The stock market right now is full of bulls. Which has one analyst thinking it’s time to be bearish. Bryan R. Smith | Getty Images.
The stock market right now is full of bulls. Which has one analyst thinking it’s time to be bearish. Bryan R. Smith | Getty Images.

“The difference between the Global Growth Trade and the US tax Trade is mostly about where we take most of our risk: in the US or spread across the world,” writes Loeys.

“Given our view of eventually only a very modest growth impact from US tax cuts, one should simply spread one’s risk globally, focusing most on where there is the best value and where growth numbers have the most momentum. To this analyst that remains EM.”

Expect a fourth quarter top

The view that there are basically only two options for markets right now, and both of them are good, is, however, precisely what has Hartnett looking more skeptically at the market.

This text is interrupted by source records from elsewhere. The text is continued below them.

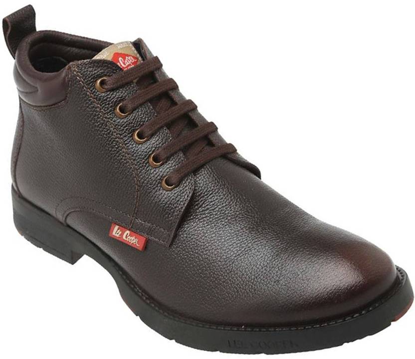 Lee cooper A perfect addition to your footwear collection, this pair of boots is brought to you by Lee Cooper. It is made from leather which lends it a refined finish. Also, being made ethylene vinyl acetate, the sole ensure optimum traction while the lace up fastening ensures a proper fit.
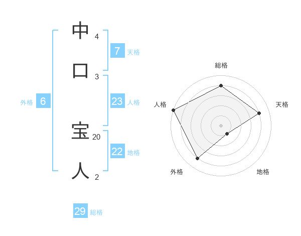 中口 宝人さんの総格は29画の4点!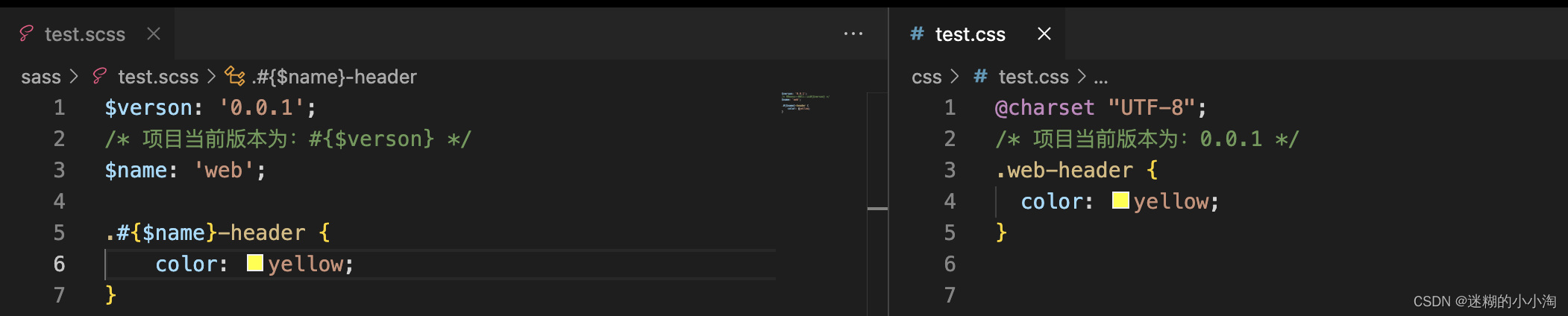 变量以$开头,赋值方法与css属性写法相同,使用时直接调用即可: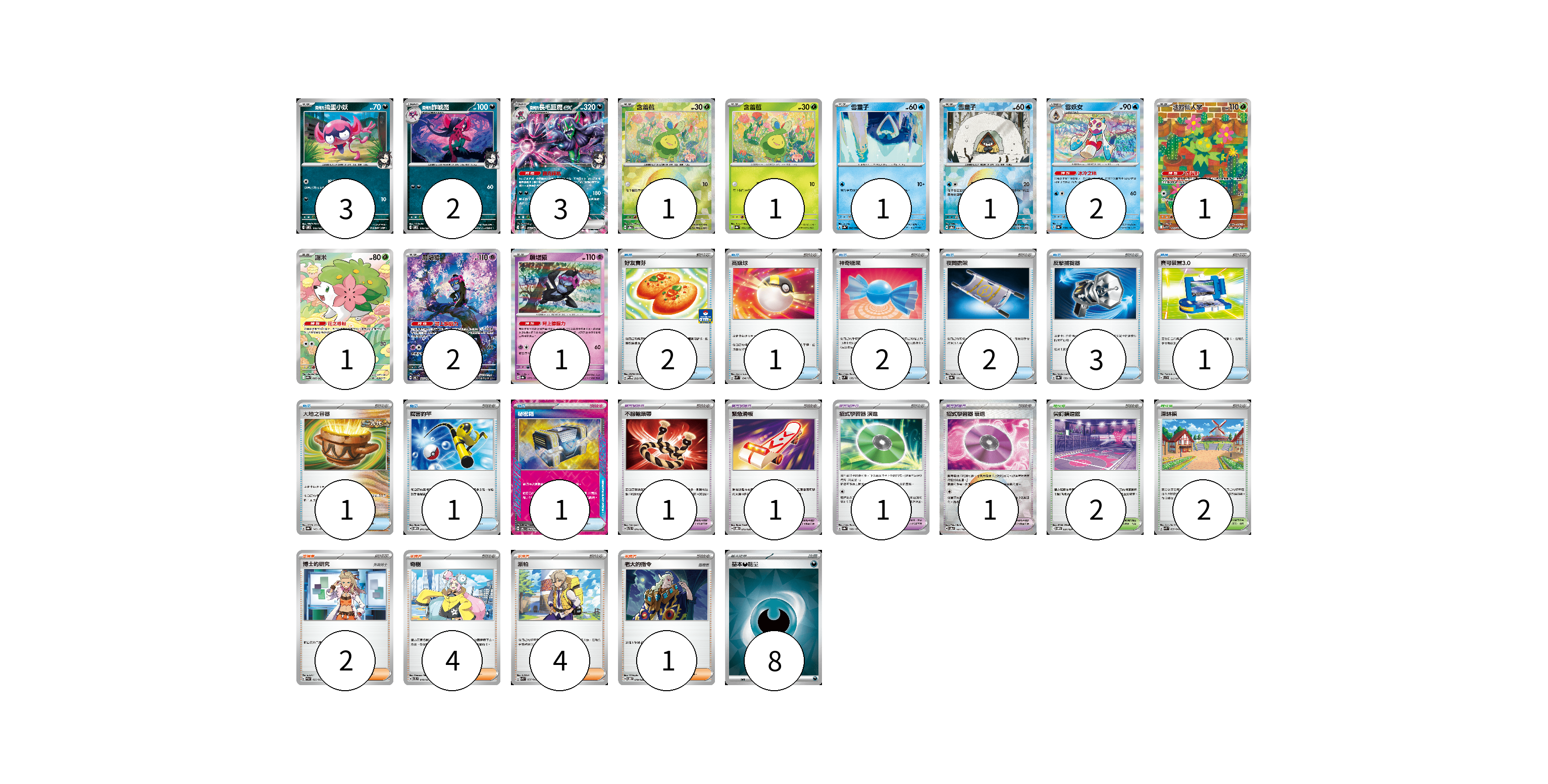 牌組構築方案 以此牌組為基礎新構築牌組 顯示卡面 顯示列表 寶可夢卡(19) 3 2 3 1 1 1 1 2 1 1 2 1 寶可夢道具(8) 1 1 1 1 4 物品卡(14) 2 1 2 2 3 1 1 1 1 支援者卡(7) 2 4 1 競技場卡(4) 2 2 能量卡(8) 8 寶可夢卡(19) 卡牌名稱 張數 卡牌名稱 張數 <瑪俐的>搗蛋小妖 SVOM 005/021 03 <瑪俐的>詐唬魔 SVOM 006/021 02 <瑪俐的>長毛巨魔ex SVOM 007/021 03 含羞苞 SV8a 001/187 01 含羞苞 SV8a 001/187 01 雪童子 SV3a 005/062 01 雪童子 SV8a 037/187 01 雪妖女 SV8a 038/187 02 沙鈴仙人掌 SV9 101/100 01 謝米 SV9a 066/063 01 願增猿 SV6 107/101 02 願增猿 SV8a 075/187 01 寶可夢道具(8) 卡牌名稱 張數 卡牌名稱 張數 不服輸頭帶 SVTL 016/021 01 緊急滑板 SVOD 015/020 01 招式學習器 演進 SV8a 160/187 01 招式學習器 衰退 SV8a 161/187 01 奇樹 SVTL 018/021 04 物品卡(14) 卡牌名稱 張數 卡牌名稱 張數 好友寶芬 SV-P 212/SV-P 02 高級球 SVM 134/175 01 神奇糖果 SVM 135/175 02 夜間擔架 SV8a 151/187 02 反擊捕捉器 SV8a 139/187 03 寶可裝置3.0 SVC 015/021 01 大地之容器 SV8a 143/187 01 厲害釣竿 SVOM 011/021 01 秘密箱 SV6 092/101 01 支援者卡(7) 卡牌名稱 張數 卡牌名稱 張數 博士的研究(奧琳博士) SVAM 023/023 02 派帕 SVK 035/042 04 老大的指令 SVOD 019/020 01 競技場卡(4) 卡牌名稱 張數 卡牌名稱 張數 尖釘鎮道館 SVOM 021/021 02 深缽鎮 SVK 039/042 02 能量卡(8) 卡牌名稱 張數 卡牌名稱 張數 基本【惡】能量 SVOM DAR 08 以此牌組為基礎新構築牌組 牌組編碼 lntzhA-QBOGKA-thUWaq copy 列印牌組單 牌組編碼已複製 分享至SNS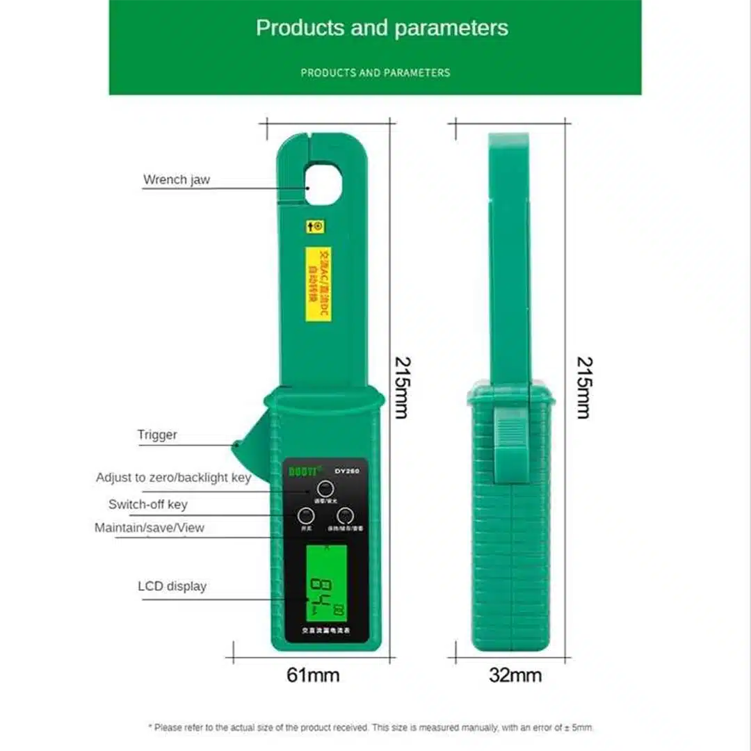 The Low Current DC Clamp Meter utilizes advanced digital-integrated technology to automatically recognize AC or DC currents. It features a convenient auto-zero button, eliminating the need for a rotating zero knob. Designed for non-contact measurements, this meter provides high accuracy, strong anti-interference, and auto-ranging capabilities, making it a reliable tool for fast, safe, and efficient electrical testing.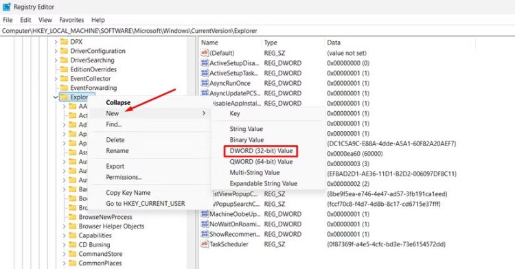 Klik kanan tombol "Explorer" di bilah sisi kiri, klik "New", lalu pilih "Nilai DWORD (32-bit)".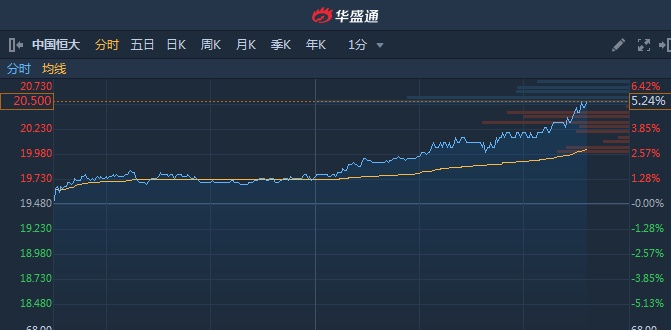 港股异动︱中国恒大(03333)午后成交活跃 尾盘涨幅扩大逾5%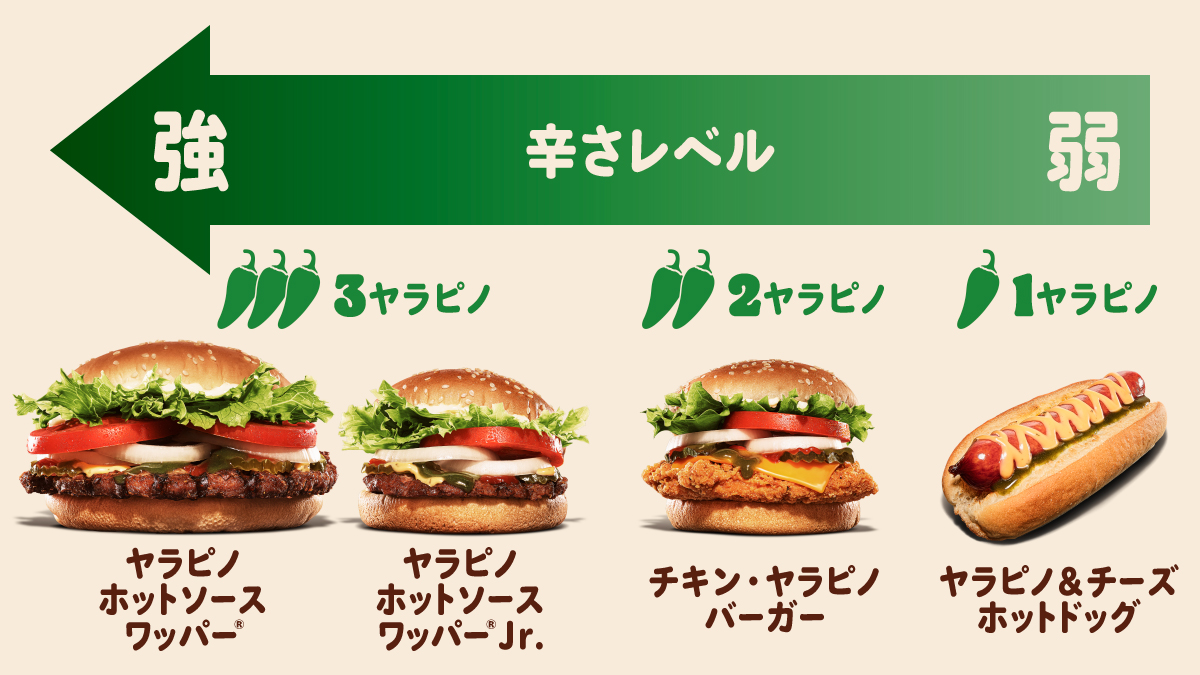 夏にぴったりのキレの良い辛さがビーフの旨みを引き立てる「ヤラピノホットソースワッパー」をはじめ、食べやすい大きさの「ヤラピノホットソースワッパーJr.」、チキンとの組み合わせが楽しめる「チキン・ヤラピノバーガー」、ソーセージとチーズでまろやかな辛さの「ヤラピノ&チーズ ホットドッグ」が期間限定で登場します。

“Risk assets can rally further,” Hartnett writes, “but we expect [a fourth quarter] ‘top’ in equities and credit.”

Hartnett sees recent tax reform proposals as “peak policy” for investors as actual tax cuts would, in his view, lead to a faster balance sheet run-off from the Fed and fewer share buybacks as capital investment is tax-advantaged under the White House’s most recent outline. This is negative for markets.

Additionally, Hartnett sees a rise in the MOVE index — essentially, the VIX for the bond market — as a sign of investors being positioned for a shock in Treasury markets while the recent rally in oil prices, a potential trough in the Chinese renminbi, and upgraded views of global economic growth set markets up for a “peak profits” mode that current pricing will have trouble justifying over time.